But we go anyway, Rinjani is beautiful. But the hike is ‘like hell’. hari pertama, kita mendaki dari pukul 9 pagi, sampai di first camp (2,600 dpl) jam 6.30 sore.
Melalui padang rumput yang panas bukan kepalang. Bukit terakhir yang kami daki, namanya Bukit Penyesalan. Kata guide yang menyertai kami, di bukit ini biasanya orang pada menyesal, tapi sudah tidak bisa berbuat apa-apa. harus naik, walaupun lelah bukan kepalang, karena tidak ada pilihan lain, turun juga sudah sangat jauh.
Saya sempat khawatir karena beberapa kawan kelihatan sudah lelah sekali. Bahkan ada seorang teman yang sudah kram kakinya sejak awal mendaki. But, to make the story short, everyone make it.
Pelajaran dari Bukit Penyesalan adalah, ketika kita tidak punya pilihan lain, betapapun beratnya, walaupun kelihatannya tidak mungkin, ternyata setiap orang mempunyai ketahanan yang mengagumkan untuk bisa bertahan dan accomplished. Kata kuncinya adalah tidak punya pilihan lain, harus berhasil atau mati.
Ketika memulai bisnis membangun BPR Lestari 19 tahun yang lalu. Saya dihadapkan pada kenyataan pahit. Membangun bisnis ternyata tidak semudah yang saya bayangkan. Tiga tahun sudah saya keluar dari pekerjaan saya, dan membangun bisnis, I don’t see the light at the end of the tunnel.
Tapi mau mundur juga waktu itu sudah tidak bisa. Maju salah, mundur kena. Sama seperti perjalanan di Bukit Penyesalan. Mau naik berat sekali, tapi mundur is not an option. Kadang kala, posisi seperti ini malah menjadi leverage (alat bantu) buat kita. Ketika kita dihadapkan pada pilihan harus berhasil atau mati, biasanya kita berhasil.
Banyak kawan yang memulai bisnis secara part time gagal. Mungkin sebenarnya bukan gagal dalam arti sesungguhnya, namun ketika bisnisnya menemui kesulitan (dan Anda pasti akan menemui kesulitan). Mereka akan kembali ke comfort zone. Sehingga bisnisnya gagal.
Di hari kedua, lebih gila lagi. Kita dibangunkan jam 3 pagi, dan pendakian dimulai jam 4 pagi. Kali ini menuju summit (3,700 dpl). Pendakian ke summit luar biasa melelahkan, medannya berpasir. Jadi naik selangkah, mundur selangkah. Kecuraman mungkin 45 derajat.
But at the top, the view is superb. Danau Segara Anakan di bawah kita. Danaunya masih gelap, namun bebatuan kawahnya mulai berkilauan disinari matahari yang baru terbit. Dan ketika matahari cukup tinggi, giliran air danaunya yang berkilauan.

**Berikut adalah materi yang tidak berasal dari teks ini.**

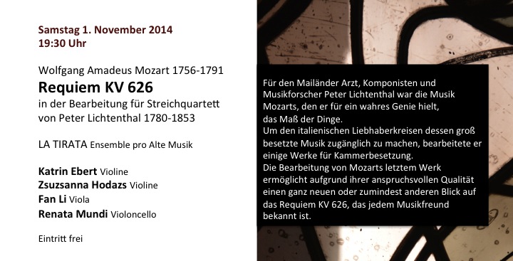 Für den Mailänder Arzt, Komponisten und Musikforscher Peter Lichtenthal war die Musik Mozarts, den er für ein wahres Genie hielt, das Maß der Dinge. Um den italienischen Liebhaberkreisen dessen groß besetzte Musik zugänglich zu machen, bearbeitete er einige Werke für Kammerbesetzung. Die Bearbeitung von Mozarts letztem Werk ermöglicht aufgrund ihrer anspruchsvollen Qualität einen ganz neuen oder zumindest anderen Blick auf das Requiem KV 626, das jedem Musikfreund bekannt ist.

Dan sekelilingnya, kita bisa melihat bukitbukit yang sudah kita daki, gleaming dengan cahaya matahari pagi bercampur dengan embun pagi. Mistik, dahsyat. Namun saya kapok. Perjalanan subuh tadi sangat melelahkan. Cukup, no more!
Ketika kembali ke base camp. Saya bilang tidak mau melanjutkan hiking yang masih 2 hari lagi. Saya bujuk teman-teman saya untuk turun saja, toh kita sudah sampai ke puncak. Yang hike 2 hari lagi kita habiskan di Gili saja. Nginep di resort, makan enak, pijet, snorkeling-an.

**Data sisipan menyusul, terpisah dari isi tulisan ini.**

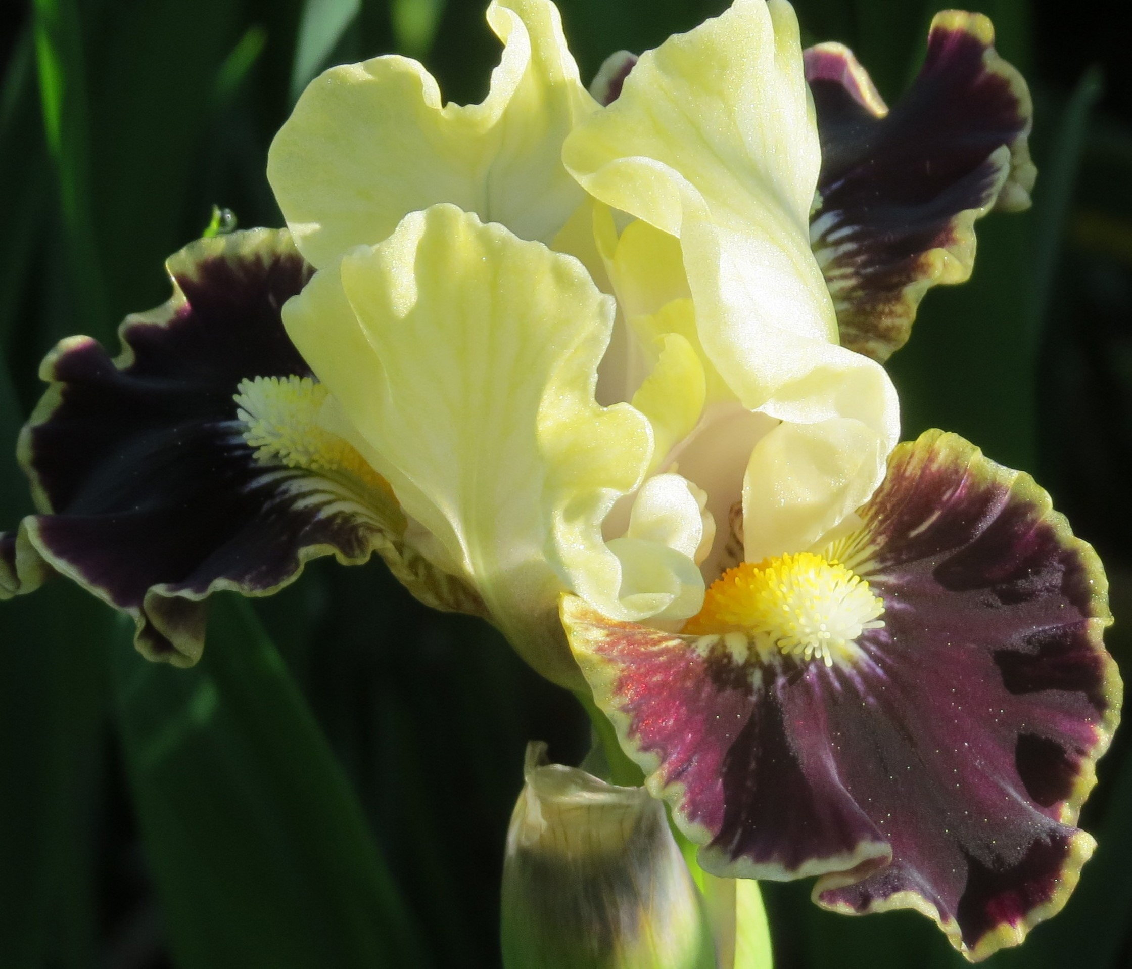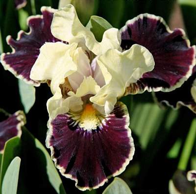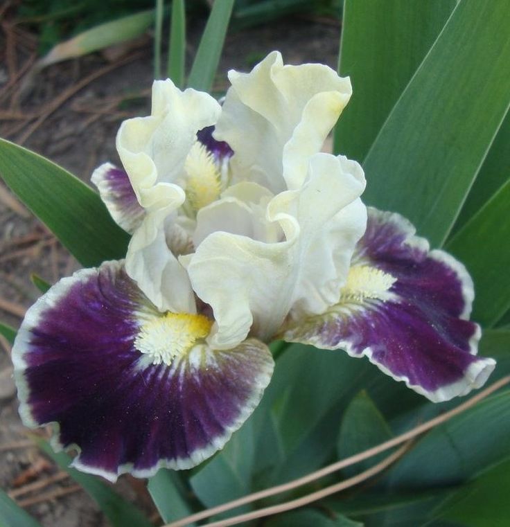 Стандарты — устрично-кремовые. Фолы — цвета перезрелой шелковицы, вокруг бородки кремовые перья. Кремовая тонкая окантовка по краю. Бородка — желто-оранжевая и кремовая. Гофрированный!

Sebagian setuju dengan usul saya, sebagian lagi tidak. Yang tidak setuju, meledek saya bahwa ‘catatan saya balik kandang, unfinished, akan dikenang sampai ratusan tahun katanya.
Saya seharusnya sudah menyerah. Namun lingkungan saya tidak memungkinkan saya menyerah. Makanya, penting sekali buat kita untuk memilih lingkungan yang positif buat kita. Lingkungan yang membawa kita lebih dekat kepada cita-cita kita. Bukan sebaliknya, your peer will play an important roles in your career, in your life.

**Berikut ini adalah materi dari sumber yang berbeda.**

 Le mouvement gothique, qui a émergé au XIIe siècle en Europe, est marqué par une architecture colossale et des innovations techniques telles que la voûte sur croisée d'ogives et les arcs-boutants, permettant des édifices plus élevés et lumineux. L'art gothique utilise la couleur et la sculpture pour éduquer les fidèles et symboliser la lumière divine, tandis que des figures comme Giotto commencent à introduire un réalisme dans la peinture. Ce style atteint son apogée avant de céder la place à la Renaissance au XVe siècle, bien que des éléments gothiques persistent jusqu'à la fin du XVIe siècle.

“People lives in a direct expectations of his surrounding,” demikian kata Toni Robbins. Perhatikan dengan siapa kita bergaul.
So, I move on. Day 2 is a true test.
Setelah subuh mendaki summit, kini kita menuruni gunung menuju danau. Turunnya curam sekali, bebatuan. Paha, kaki dan jempol sakit semua. Tapi yang mengerikan setelah sampai danau, kita harus mendaki lagi ke puncak yang satunya. Kali ini medannya batu-batu. Mendakinya curam sekali. Bahkan kadang kita harus merayap dengan kedua tangan kita.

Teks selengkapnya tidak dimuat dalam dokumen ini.